Railway Post Office cars (RPO cars) were genuine post offices on wheels. U.S. Postal Department mail clerks (i.e., federal employees) staffed such cars and sorted mail enroute. For security of the mail, no one other than USPD employees could enter such a car, not even the railroad's crew or staff. (Clerks wore pistols to ensure that rule.) The USPD operated the cars on scheduled passenger trains all over the nation.
RPO cars picked up first-class letter pouches dispatched by thousands of small-town post offices 'on the fly.' At the train station platform, a postal worker put the canvas pouch up on a special trackside pole. As the RPO car approached, a clerk aboard swung outward a special hook in the doorway of the RPO that snared the pouch. At the same time, an RPO clerk threw out onto the platform a letter pouch with mail destined for that town. At towns and cities having scheduled stops for passenger trains, such dramatics weren't needed; the larger volumes of mail involved were handled during station stops. When an RPO car was stopped, one could mail a letter by dropping it into the mail slot found on either side of any RPO.

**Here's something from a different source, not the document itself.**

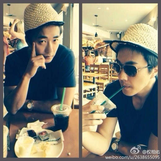 사진에서 권상우는 반팔 디셔츠와 보잉 선글라스, 시원한 디자인의 모자를 쓰고 아이스커피를 마시고 있다. 특히 남의 시선을 의식하지 않고 카페에 앉아 커피를 즐기는 모습이 한가롭고 편안해 보인다.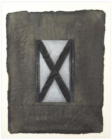 Fusain, graphite, gesso, avec titre manuscrit sur papier lin Duchêne, 53,5 x 42 cm.

RPO cars and RPO staff were each assigned to particular routes. RPO clerks became quite familiar with all the postal destinations along their route and sorted all mail received accordingly. A letter posted from a small town commonly arrived in the post office of another town on the route on the same day. Mail bound for far-off places went into particular pouches that would be sent onto correct intersecting routes at larger post offices. The mail distribution system followed the railroads.
Pre-printed business envelopes used to carry a line at the upper left, "Return to Sender After 5 Days," above the return address. Trains carried mail coast-to-coast in a maximum of four days. With one day for routing to the 'dead letter' stack, that made five days after the date of the letter's cancellation.